The more versitile you make a board the more you risk crashes and extra processing power is needed. The Hog III you can move anything around where you want it, same with the hog II, just not quite a flexable as the hog III.
 
There is actually a way to "crash proof" a board, although nobody bothers to use it. It is called the "odd man out" architecture. Often used in mission critical applications (which I think would include a rock concert with 30,000 in attendance, but that's just me), basically you run three parallel processors running the same software, and all of your output interfaces look for either the three to agree, or the best of three if one goes down. It's just a matter of using exclusive "and" gates on the output. Hey, since this is a "dream board", lets give it that feature!

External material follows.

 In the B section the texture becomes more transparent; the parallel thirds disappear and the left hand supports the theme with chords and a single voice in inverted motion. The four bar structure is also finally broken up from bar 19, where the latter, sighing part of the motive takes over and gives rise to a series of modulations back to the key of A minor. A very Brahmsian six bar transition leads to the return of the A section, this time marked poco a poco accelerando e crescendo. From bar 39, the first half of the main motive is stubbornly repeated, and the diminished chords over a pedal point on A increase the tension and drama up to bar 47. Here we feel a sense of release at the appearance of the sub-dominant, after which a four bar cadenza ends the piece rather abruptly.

As far as being content with what products are already out there, just remember, 10 years from now current boards are going to look as out of date as boards that are 10 years old now! It is always interesting to explore what may be ahead, and sometime these thoughts actually help shape the future!
 
Well, layout of the board notwithstanding, it needs a large touchscreen that can be used as a tablet (so it'd have to be horizontal/flat, or maybe on a bit of an incline). You can set up a camera (while we're dreaming, it can be at any angle, any orientation), live video feed to the console. You can then program in the stage dimensions based off that camera feed to your console (in x, y, z dimensions of course). Now, if you want to follow a talent/actor around the stage, its as easy as using a stylus (or finger!) to follow the image on your touchscreen. Can do it with any moving light!

Would make programming easier too.
 
So we start with a touch screen like Alex showed us. Then we make it a hologram like in Minority Report (hated the film loved the computer). This hologram is suspended in the air in front of us and the scale is adjusted so that we are looking at the stage in real size. Then we use the screen to mix colours which immediately happens on stage.

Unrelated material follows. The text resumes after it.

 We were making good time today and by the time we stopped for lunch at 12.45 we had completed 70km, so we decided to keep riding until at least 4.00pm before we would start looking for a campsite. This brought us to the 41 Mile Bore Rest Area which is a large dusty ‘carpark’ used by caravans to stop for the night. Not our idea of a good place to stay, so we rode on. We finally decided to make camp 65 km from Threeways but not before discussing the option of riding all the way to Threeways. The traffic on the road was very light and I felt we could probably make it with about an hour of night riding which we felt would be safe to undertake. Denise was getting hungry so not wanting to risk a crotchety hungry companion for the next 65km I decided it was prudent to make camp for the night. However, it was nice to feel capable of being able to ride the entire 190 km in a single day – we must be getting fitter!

Is Fred Bentham still alive he would love this idea. Not to mention Craig and Appia.
 
You can set up a camera (while we're dreaming, it can be at any angle, any orientation), live video feed to the console.

Interesting thing about the idea of a video feed. When you are a couple of hundred feet from the stage, catching visual cues on a fast moving rock show can be a problem. TO make matters worse, there is a sound delay. This used to drive me nuts! Video feed would be a good idea.

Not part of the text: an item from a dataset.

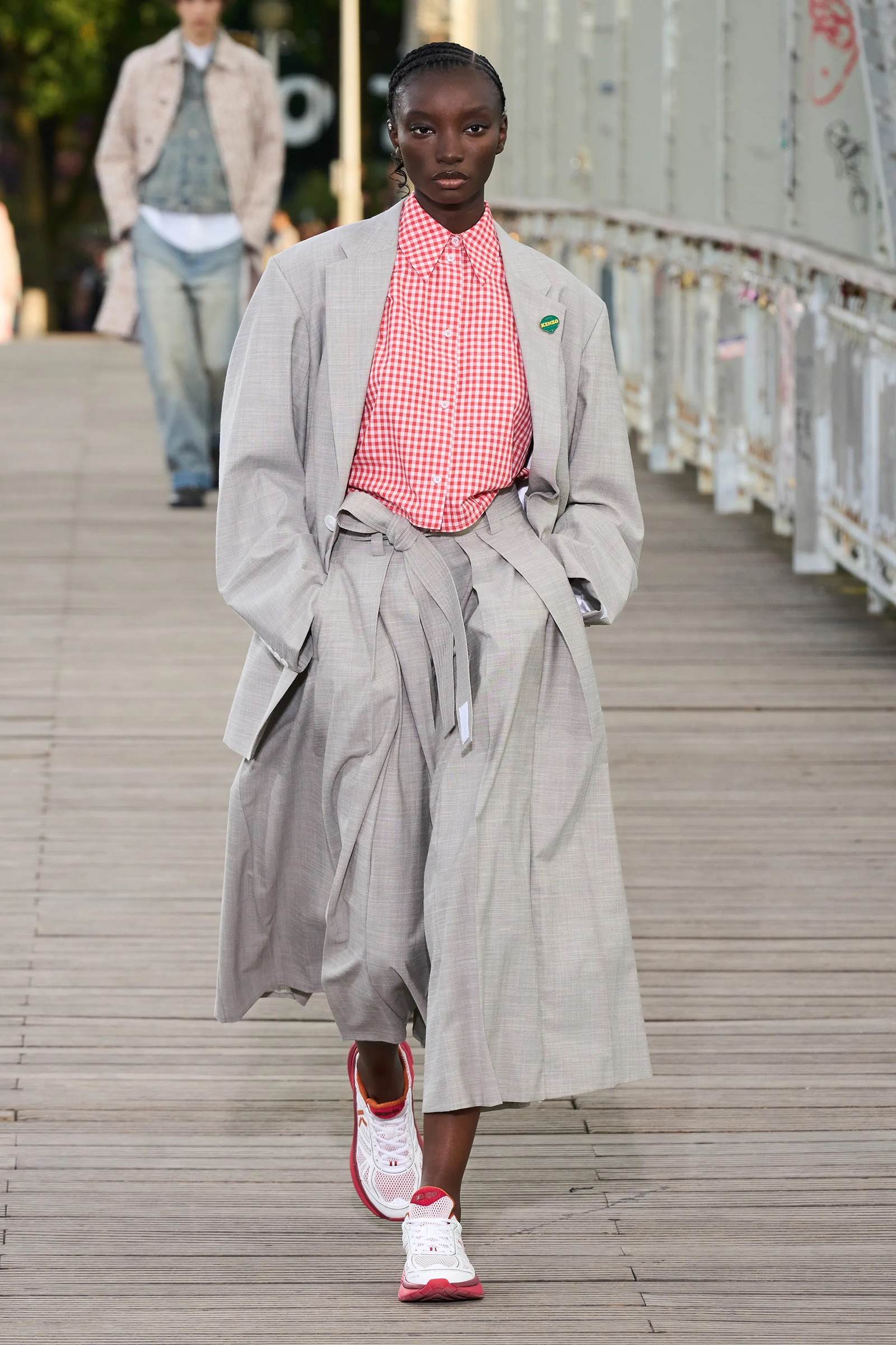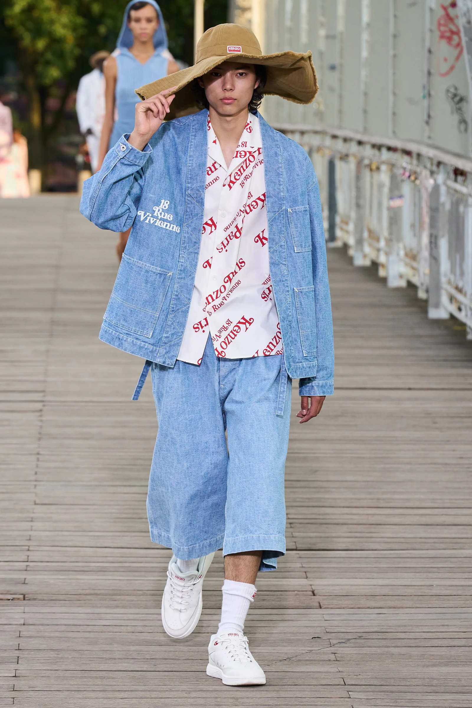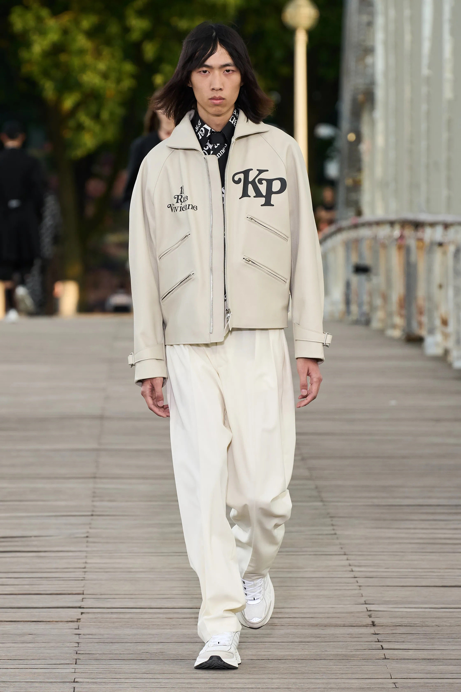 Nigo and Williams’s choices of locations obviously weren’t a coincidence. Both designers were born out of the hip-hop community and cut their teeth in places far from the fashion establishment of Paris. Through the years, they served as each other’s mentors and apprentices on many levels. Their practices are testament to how much they learned from one another. Where Williams’s bridge analogized a connection between Paris and his home state of Virginia, Nigo’s bridge linked Japan to Paris, quite literally: the Passerelle Debilly connects Palais de Tokyo with the Eiffel Tower across the Seine.

As for holograms, not much available "off the shelf" at the current time, so that might have to wait ;)
 
ugh that sounds like more work to opreate, its hard enough just to press go
 
You could actually use four flat touchscreen all-in-one's like this http://www.annso.com/htm/Panel_Computing/ippc-1575.htm so the board would have four quadrants. two would be level and the rear two would be on an adjustable angled back. The board would work like a mini-network, containing the 4 integrated display/input systems, a sub-system that operated as a file server, and a core processor running a lower level language that actually would take care of interpreting your input into something the DMX world would understand (along with calculating and profile support.) This way, if one of the windows subsystems went down, you could simply page the missing area up on one of the other monitor faces. (Each would have all four quadrants on it's taskbar)

You could probably do away with the subsystem hard drives and equip each with a boot-rom that would bring the OS up from the integrated file server.